Content starts
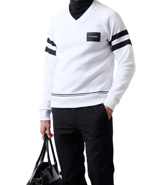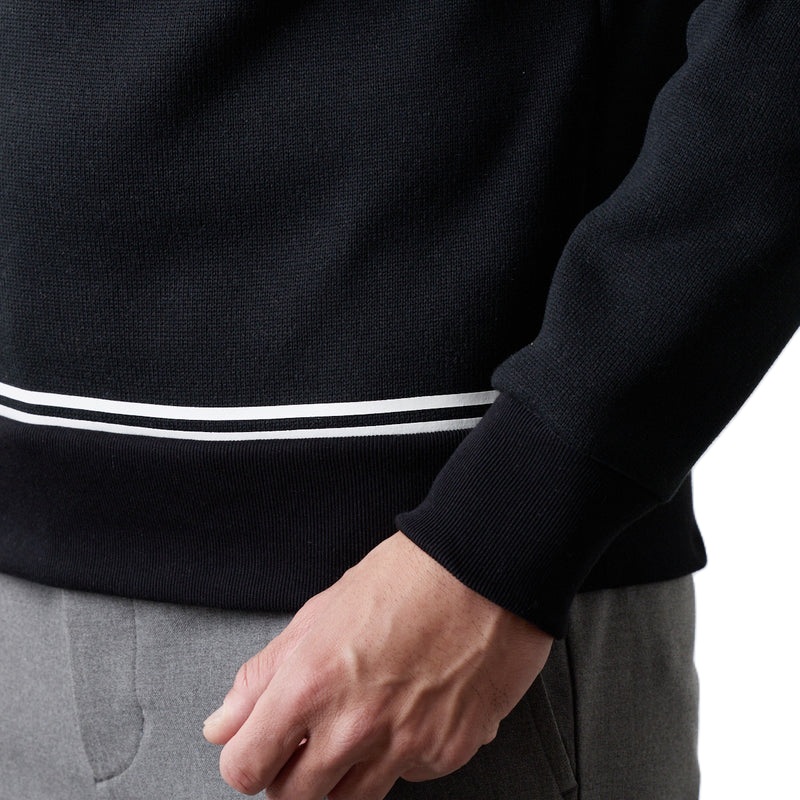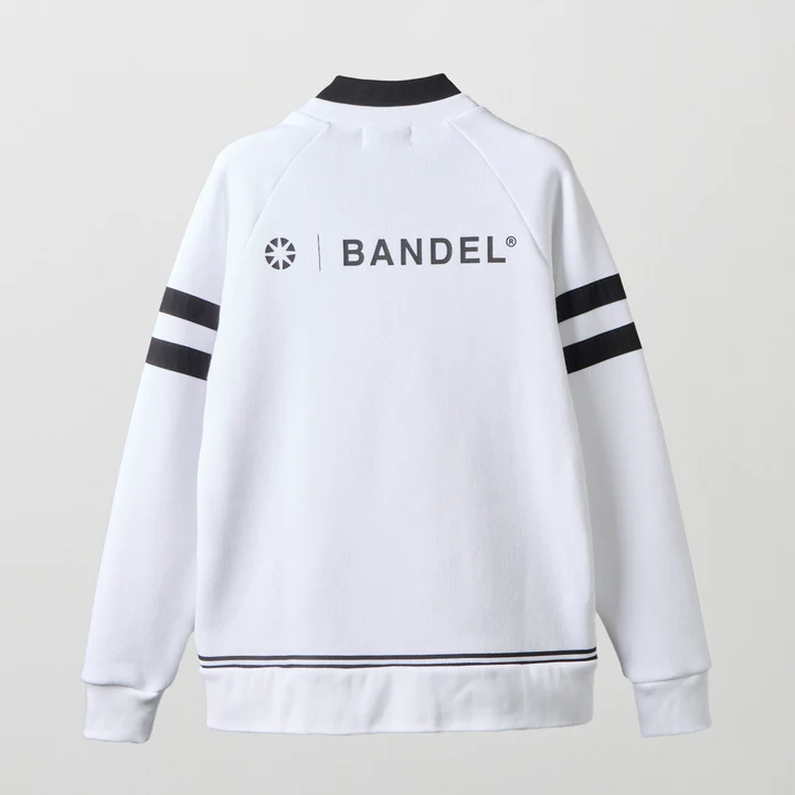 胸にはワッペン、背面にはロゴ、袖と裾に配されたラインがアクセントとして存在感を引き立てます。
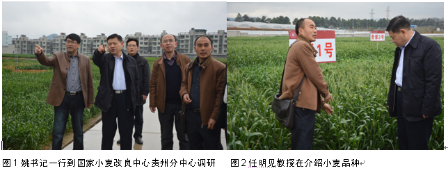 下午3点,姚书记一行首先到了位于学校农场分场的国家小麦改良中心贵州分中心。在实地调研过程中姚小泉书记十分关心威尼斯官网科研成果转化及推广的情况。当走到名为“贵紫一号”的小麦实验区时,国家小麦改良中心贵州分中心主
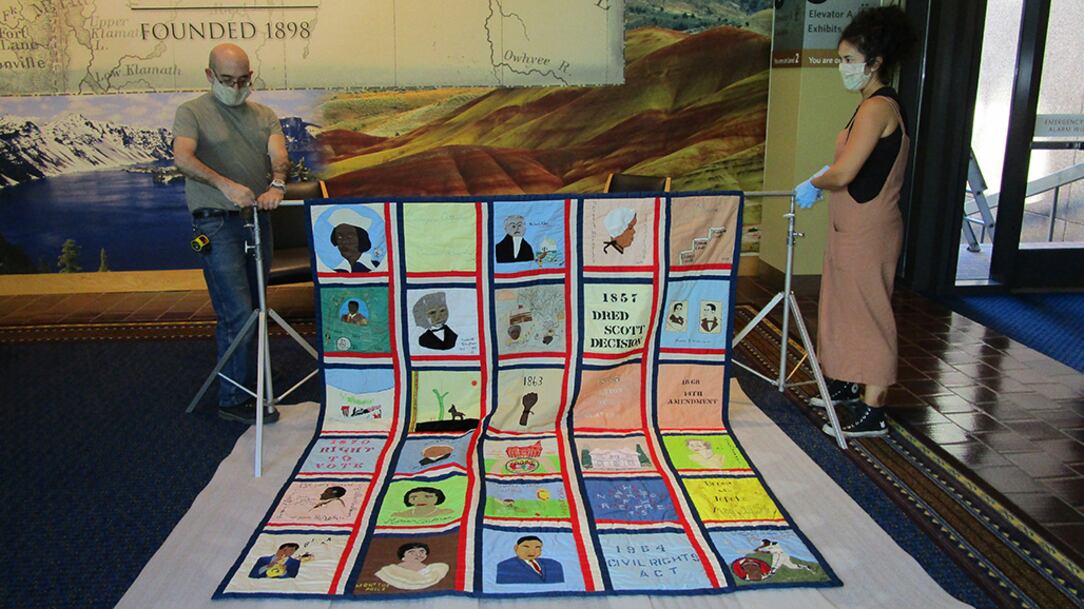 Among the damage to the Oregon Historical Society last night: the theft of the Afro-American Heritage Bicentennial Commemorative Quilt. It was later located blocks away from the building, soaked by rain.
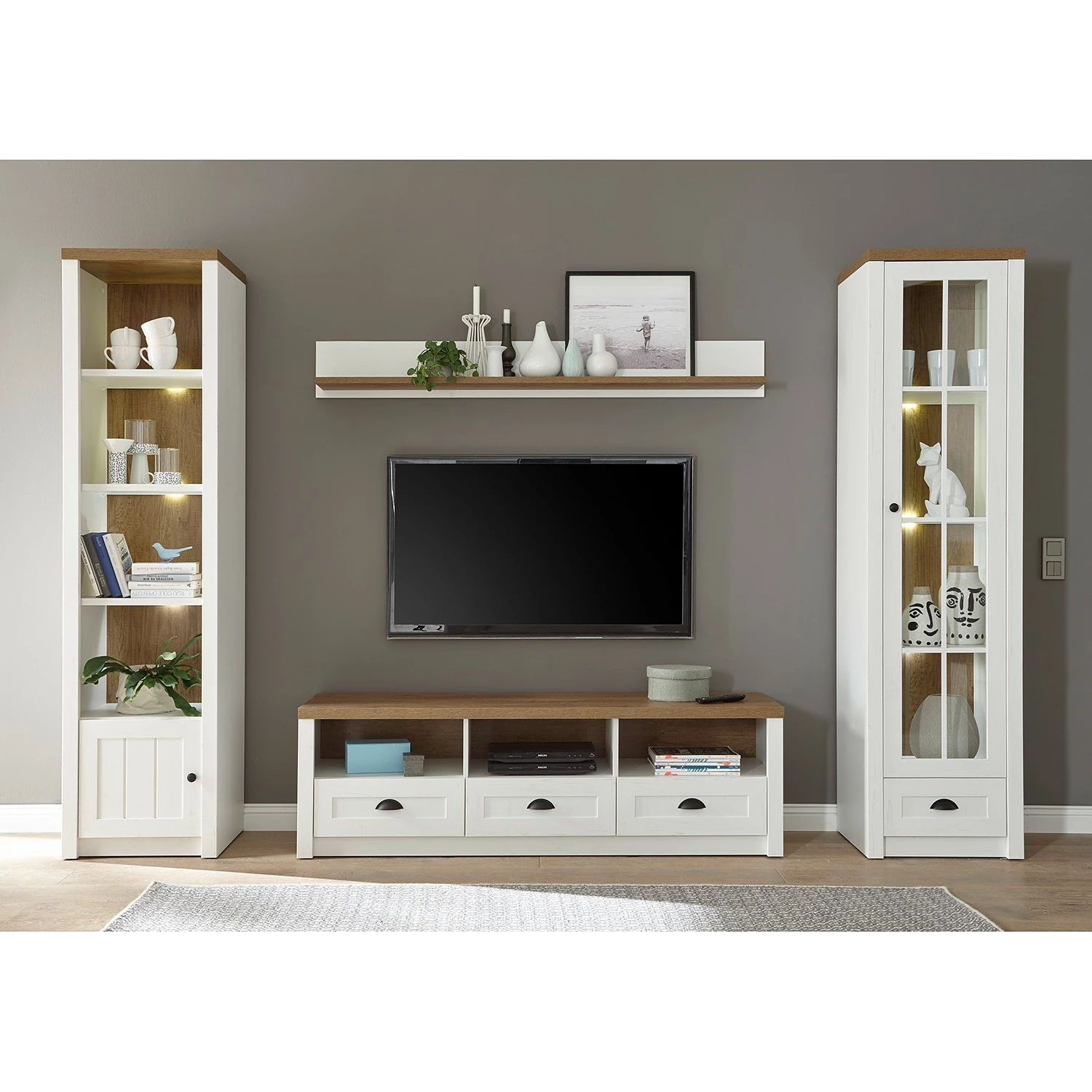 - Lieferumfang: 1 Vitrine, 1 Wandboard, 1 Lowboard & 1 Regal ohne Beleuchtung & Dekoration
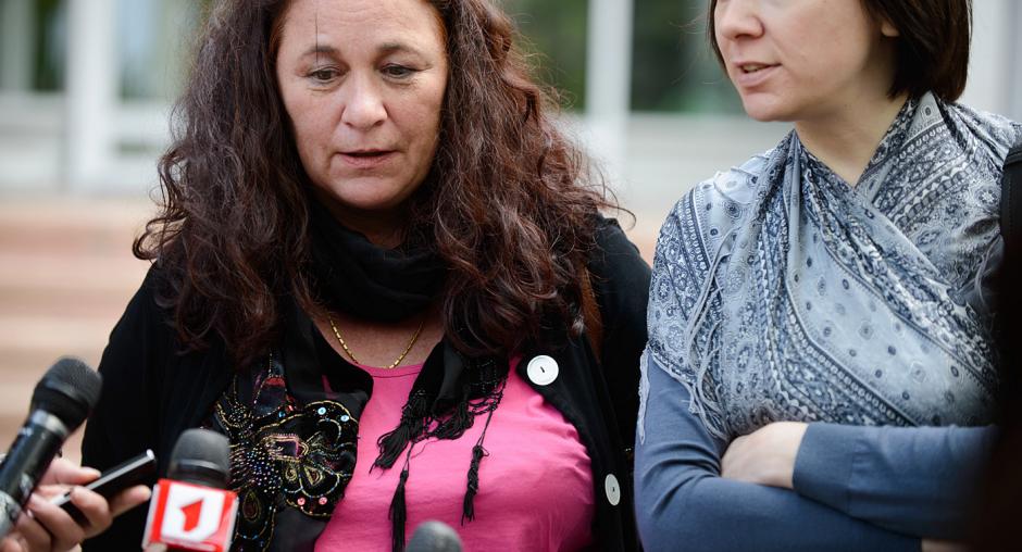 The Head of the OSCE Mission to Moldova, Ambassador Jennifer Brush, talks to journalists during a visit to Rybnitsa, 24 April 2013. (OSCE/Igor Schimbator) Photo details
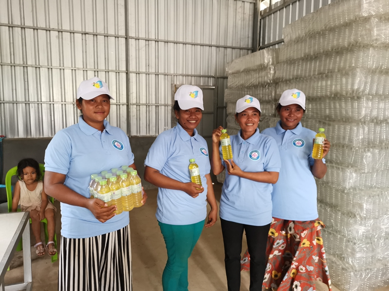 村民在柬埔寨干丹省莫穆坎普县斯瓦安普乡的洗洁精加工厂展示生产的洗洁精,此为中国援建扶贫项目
Content ends
- TASK PROMPT:
The listing above is to be retyped exactly, with all pictures left out.

- WRITTEN ANSWER:
 胸にはワッペン、背面にはロゴ、袖と裾に配されたラインがアクセントとして存在感を引き立てます。
 下午3点,姚书记一行首先到了位于学校农场分场的国家小麦改良中心贵州分中心。在实地调研过程中姚小泉书记十分关心威尼斯官网科研成果转化及推广的情况。当走到名为“贵紫一号”的小麦实验区时,国家小麦改良中心贵州分中心主
 Among the damage to the Oregon Historical Society last night: the theft of the Afro-American Heritage Bicentennial Commemorative Quilt. It was later located blocks away from the building, soaked by rain.
 - Lieferumfang: 1 Vitrine, 1 Wandboard, 1 Lowboard & 1 Regal ohne Beleuchtung & Dekoration
 The Head of the OSCE Mission to Moldova, Ambassador Jennifer Brush, talks to journalists during a visit to Rybnitsa, 24 April 2013. (OSCE/Igor Schimbator) Photo details
 村民在柬埔寨干丹省莫穆坎普县斯瓦安普乡的洗洁精加工厂展示生产的洗洁精,此为中国援建扶贫项目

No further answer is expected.